YOUR INSTRUCTIONS.
For this exercise, return all the data word for word, with images left out.

SUPPLIED MATERIAL.
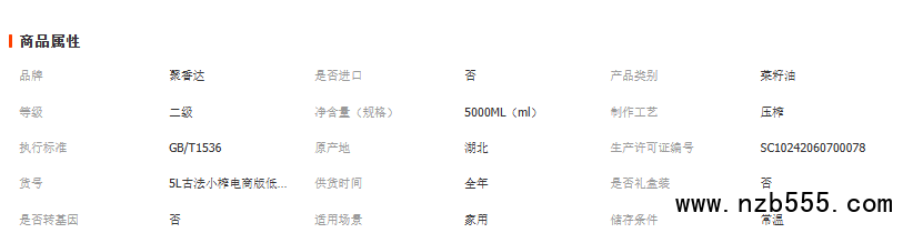 聚香達純正菜籽油5L香
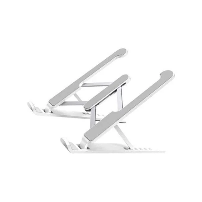 This adjustable laptop stand is designed for travelers and remote workers who need to create an ergonomic workstation anywhere. It features a sleek silver finish and a lightweight design for easy portability. Whether you're at a café, airport, or home, this stand elevates your laptop to eye level, reducing neck and back strain.
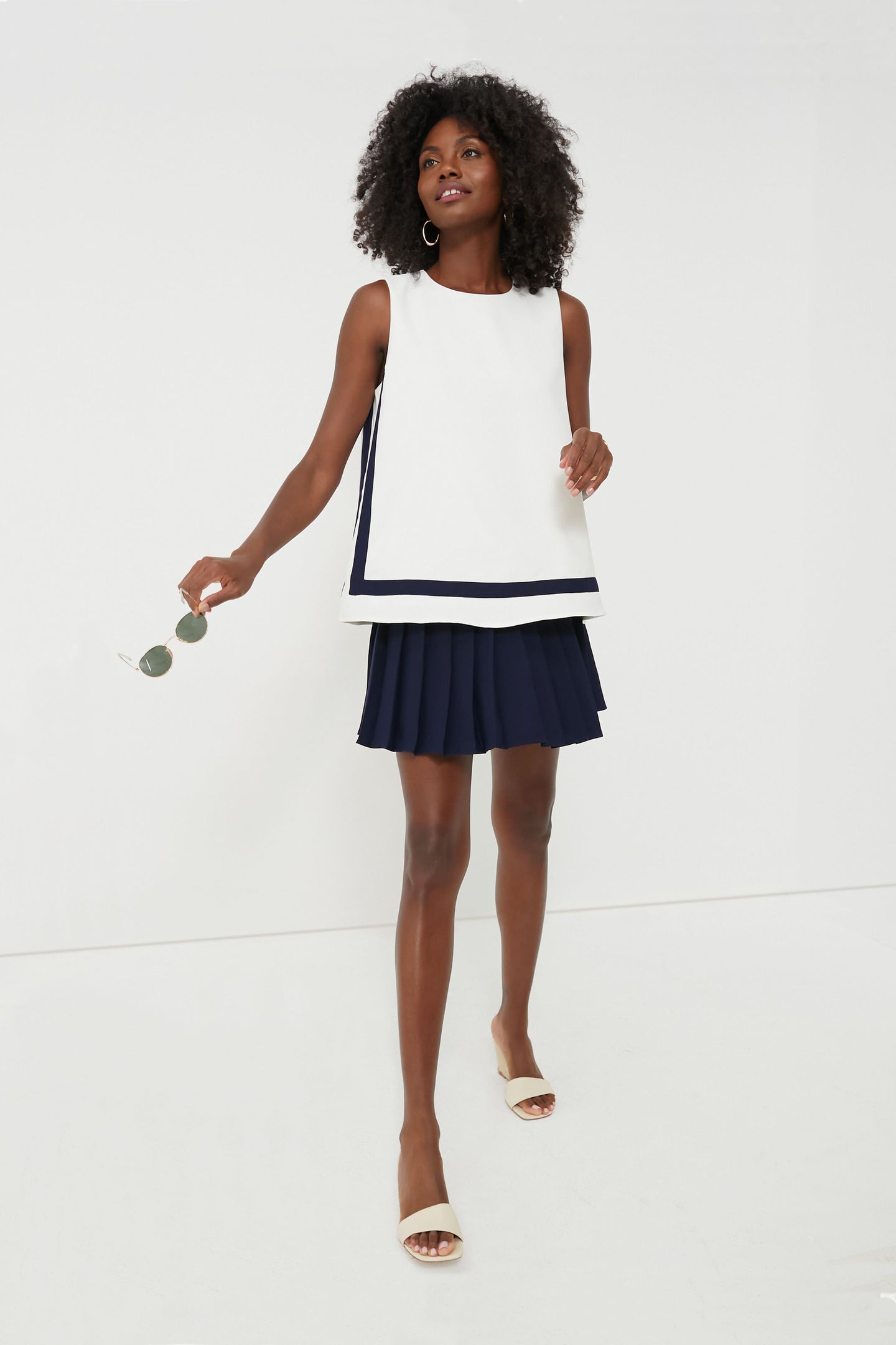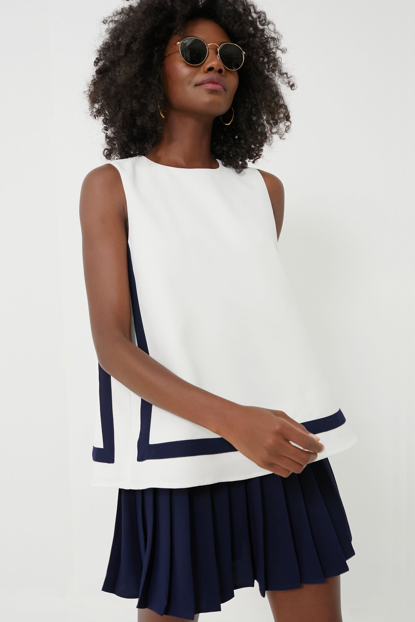 The classic Navy Stripe Tyler Top is designed with all of your favorite details in mind - a lightweight bodice allowing for movement throughout your busy day, a back zipper for styling ease, and delicate sleeveless arms to show off your shoulders all season long. A founder favorite, this piece transitions effortlessly from day to night. Pair with wide leg denim for elevated weekend-wear or with your favorite mini skirt for added flair!

RESULT FOR THIS EXERCISE.
 聚香達純正菜籽油5L香
 This adjustable laptop stand is designed for travelers and remote workers who need to create an ergonomic workstation anywhere. It features a sleek silver finish and a lightweight design for easy portability. Whether you're at a café, airport, or home, this stand elevates your laptop to eye level, reducing neck and back strain.
 The classic Navy Stripe Tyler Top is designed with all of your favorite details in mind - a lightweight bodice allowing for movement throughout your busy day, a back zipper for styling ease, and delicate sleeveless arms to show off your shoulders all season long. A founder favorite, this piece transitions effortlessly from day to night. Pair with wide leg denim for elevated weekend-wear or with your favorite mini skirt for added flair!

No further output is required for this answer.